WORK REQUEST: Quote word for word the lines starting at the line with "President of Latvia" and ending at the final line of the entries. Leave out any pictures.

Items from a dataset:

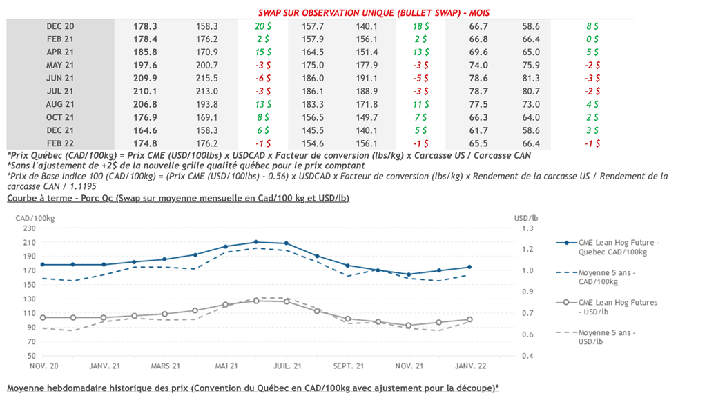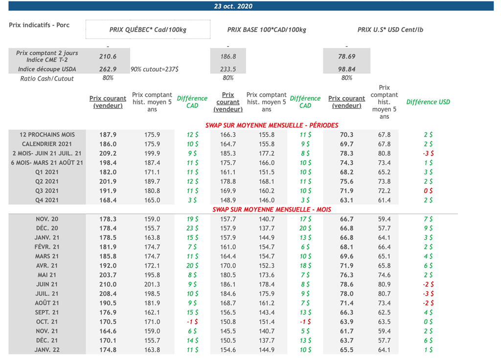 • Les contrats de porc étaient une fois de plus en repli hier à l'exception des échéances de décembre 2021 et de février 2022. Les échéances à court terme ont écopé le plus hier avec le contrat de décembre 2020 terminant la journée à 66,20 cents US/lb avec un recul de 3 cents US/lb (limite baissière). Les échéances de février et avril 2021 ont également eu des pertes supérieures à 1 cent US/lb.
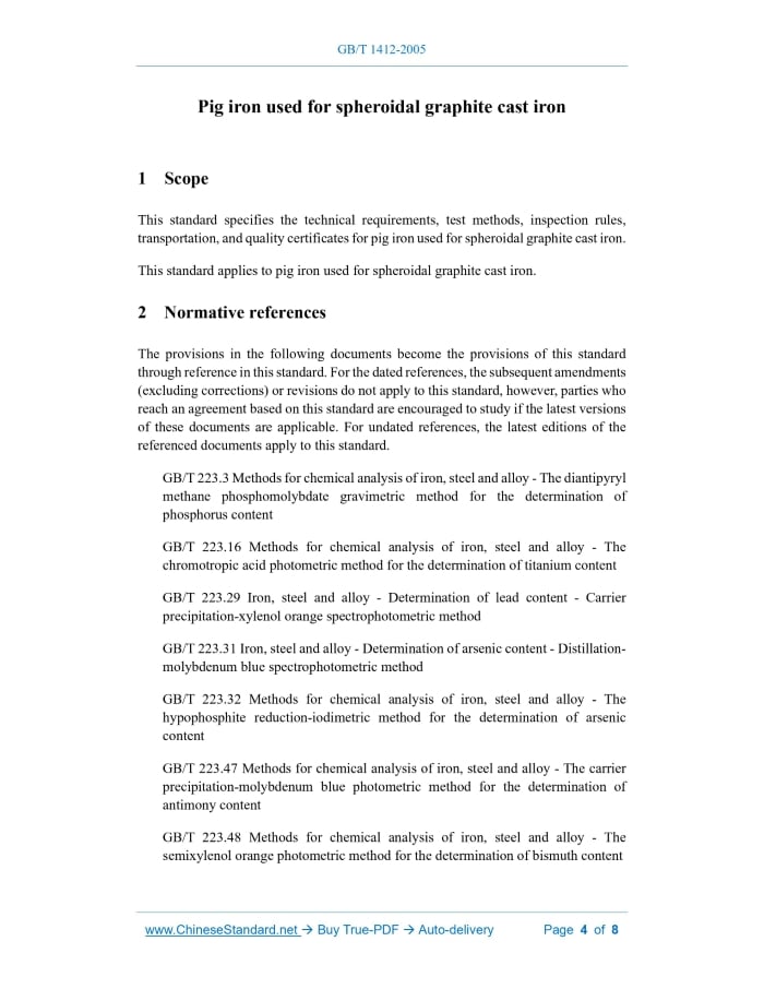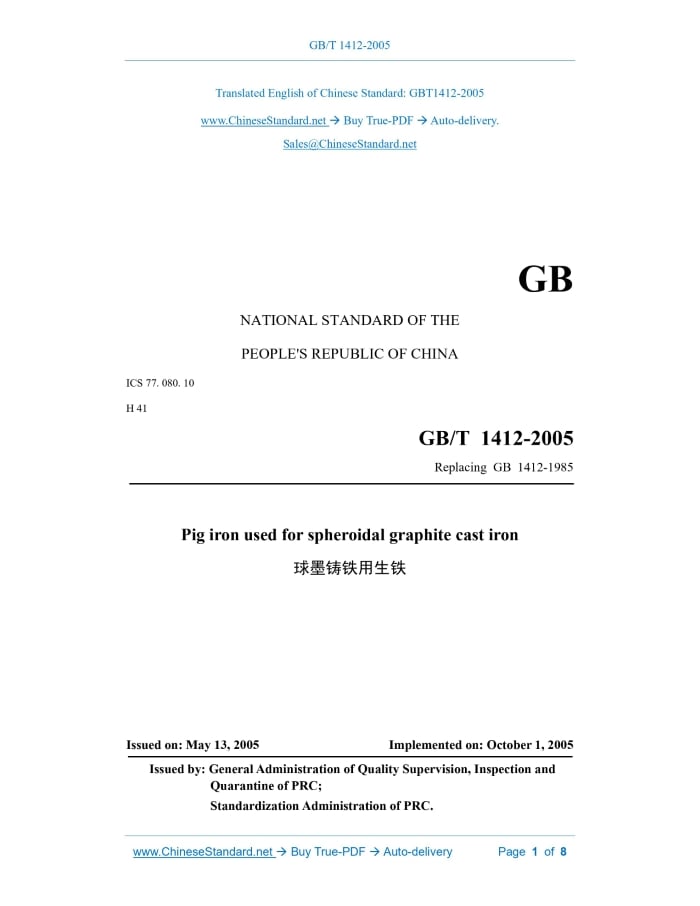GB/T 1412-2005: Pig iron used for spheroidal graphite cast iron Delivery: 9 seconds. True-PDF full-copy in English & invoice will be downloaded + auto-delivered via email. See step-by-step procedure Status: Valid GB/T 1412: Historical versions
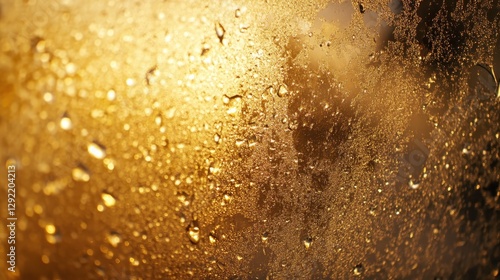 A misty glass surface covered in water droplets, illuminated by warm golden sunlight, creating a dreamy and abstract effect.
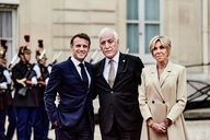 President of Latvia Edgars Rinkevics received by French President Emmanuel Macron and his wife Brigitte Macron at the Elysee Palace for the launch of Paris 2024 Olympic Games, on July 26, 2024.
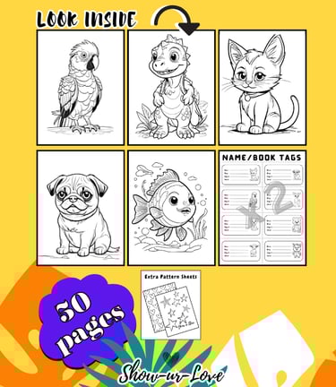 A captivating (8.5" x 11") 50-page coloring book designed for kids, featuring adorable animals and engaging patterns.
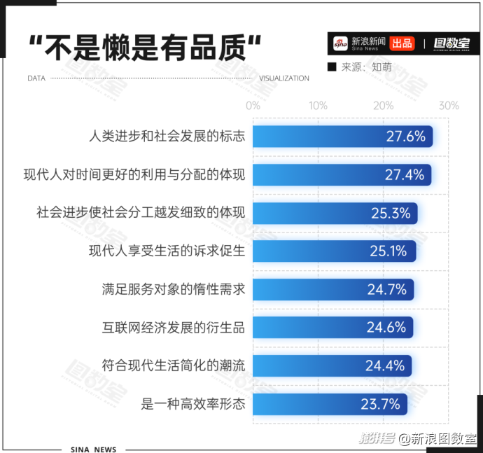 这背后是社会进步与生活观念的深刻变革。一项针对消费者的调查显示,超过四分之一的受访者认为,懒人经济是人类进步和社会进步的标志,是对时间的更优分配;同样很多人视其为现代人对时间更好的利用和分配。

TASK ANSWER:
 President of Latvia Edgars Rinkevics received by French President Emmanuel Macron and his wife Brigitte Macron at the Elysee Palace for the launch of Paris 2024 Olympic Games, on July 26, 2024.
 A captivating (8.5" x 11") 50-page coloring book designed for kids, featuring adorable animals and engaging patterns.
 这背后是社会进步与生活观念的深刻变革。一项针对消费者的调查显示,超过四分之一的受访者认为,懒人经济是人类进步和社会进步的标志,是对时间的更优分配;同样很多人视其为现代人对时间更好的利用和分配。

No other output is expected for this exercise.